Excerpted data Start Marker

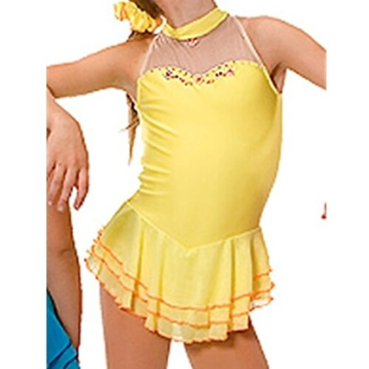 Just perfect for your skating princess. Front sweetheart and back necklines. Low back is supported with nude mesh. Triple layer stretch illusion mesh skirt edged in contrast thread. Absolutely darling!!
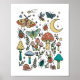 Mushrooms and Bugs Night Forest Kids Room Poster
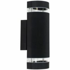 Modern curved ribbed effect aluminium wall light fitting in a matt black finish. The fixture has a stylish contrasting clear glass light shade allowing the light to disperse evenly from the top and bottom. It also offers an IP54 rating making it a weatherproof light – fully certified for outdoor installation. It is an ideal product to help create a warm and inviting glow to doorways porches and external walls and an elegant way to add security to your home as well as outdoor decorative lighting.
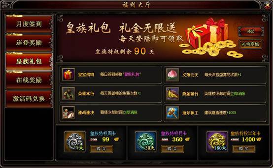 1) 该界面可查看皇族礼包的特权,以及购买皇族特权卡
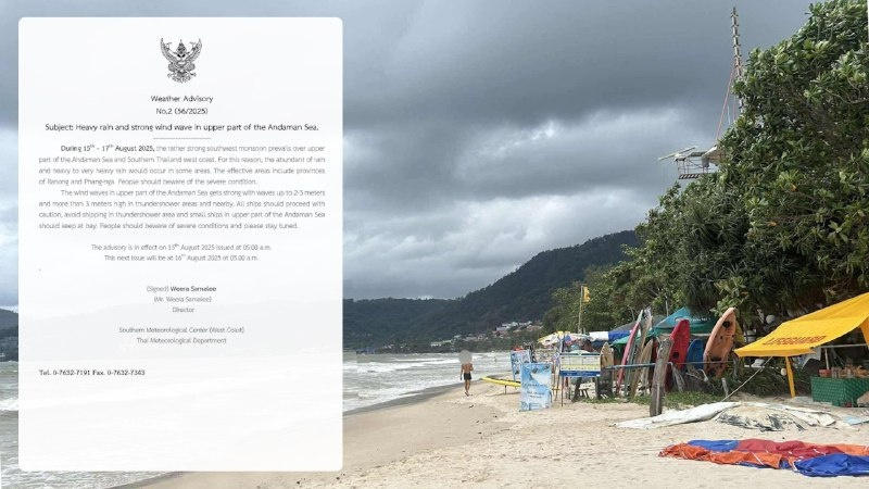 Согласно заявлению, в указанный период в северной части Андаманского моря и вдоль западного побережья Южного Таиланда ожидается усиление юго-западного муссона. Это приведет к обильным, местами сильным и очень сильным дождям, особенно в провинциях Ранонг и Пханг-Нга. Жителям рекомендуется принять меры предосторожности.

Excerpted data End Marker

* Task item *
The answer must be the lines of the entries above, written out exactly from the first through the one with "1) 该界面可查看皇族礼包的特权,以及购买皇族特权卡", and no pictures.

* Task response *
 Just perfect for your skating princess. Front sweetheart and back necklines. Low back is supported with nude mesh. Triple layer stretch illusion mesh skirt edged in contrast thread. Absolutely darling!!
 Mushrooms and Bugs Night Forest Kids Room Poster
 Modern curved ribbed effect aluminium wall light fitting in a matt black finish. The fixture has a stylish contrasting clear glass light shade allowing the light to disperse evenly from the top and bottom. It also offers an IP54 rating making it a weatherproof light – fully certified for outdoor installation. It is an ideal product to help create a warm and inviting glow to doorways porches and external walls and an elegant way to add security to your home as well as outdoor decorative lighting.
 1) 该界面可查看皇族礼包的特权,以及购买皇族特权卡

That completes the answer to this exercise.